▶ **Work instruction**:
Starting at the line that contains "CATHOLICS in the" and stopping at the line that contains "Solid quarter sawn", transcribe every line of the material below exactly; pictures stay out.

▶ **Dataset records**:
---
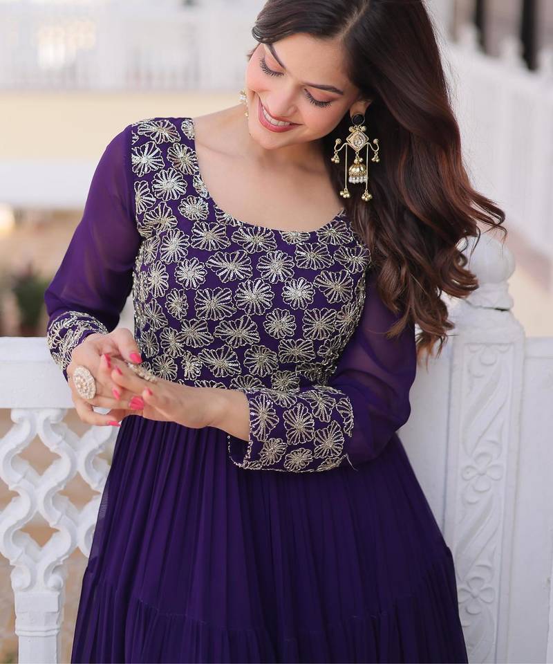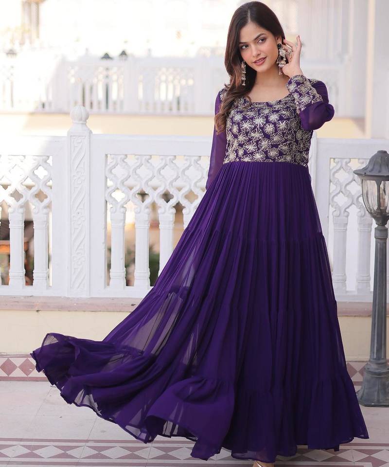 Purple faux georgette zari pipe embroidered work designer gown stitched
---
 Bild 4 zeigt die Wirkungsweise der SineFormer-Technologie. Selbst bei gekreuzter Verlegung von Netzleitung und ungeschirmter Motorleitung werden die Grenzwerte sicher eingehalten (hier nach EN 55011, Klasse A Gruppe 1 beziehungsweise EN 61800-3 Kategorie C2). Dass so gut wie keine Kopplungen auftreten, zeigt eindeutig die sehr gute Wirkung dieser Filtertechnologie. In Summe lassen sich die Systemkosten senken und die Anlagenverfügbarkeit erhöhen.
---
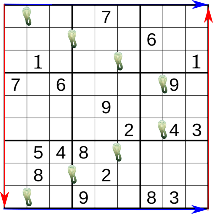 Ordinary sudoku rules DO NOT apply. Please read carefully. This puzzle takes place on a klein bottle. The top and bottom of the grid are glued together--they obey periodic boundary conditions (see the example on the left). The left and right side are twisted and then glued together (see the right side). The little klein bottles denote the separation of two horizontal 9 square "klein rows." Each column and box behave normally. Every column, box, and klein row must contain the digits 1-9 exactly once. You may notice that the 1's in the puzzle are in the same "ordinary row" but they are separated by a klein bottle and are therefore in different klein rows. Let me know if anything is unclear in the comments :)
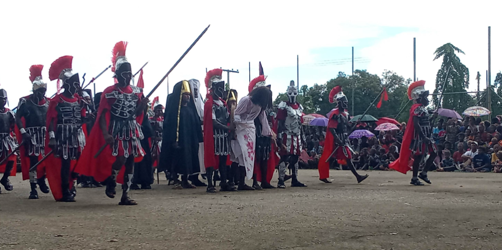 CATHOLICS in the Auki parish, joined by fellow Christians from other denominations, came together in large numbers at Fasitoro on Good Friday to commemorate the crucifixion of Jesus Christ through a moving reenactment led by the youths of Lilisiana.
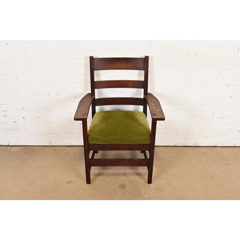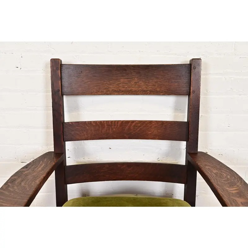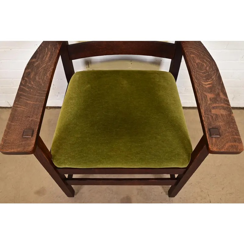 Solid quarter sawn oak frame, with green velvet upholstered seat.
---
▶ **Solution**:
 CATHOLICS in the Auki parish, joined by fellow Christians from other denominations, came together in large numbers at Fasitoro on Good Friday to commemorate the crucifixion of Jesus Christ through a moving reenactment led by the youths of Lilisiana.
 Solid quarter sawn oak frame, with green velvet upholstered seat.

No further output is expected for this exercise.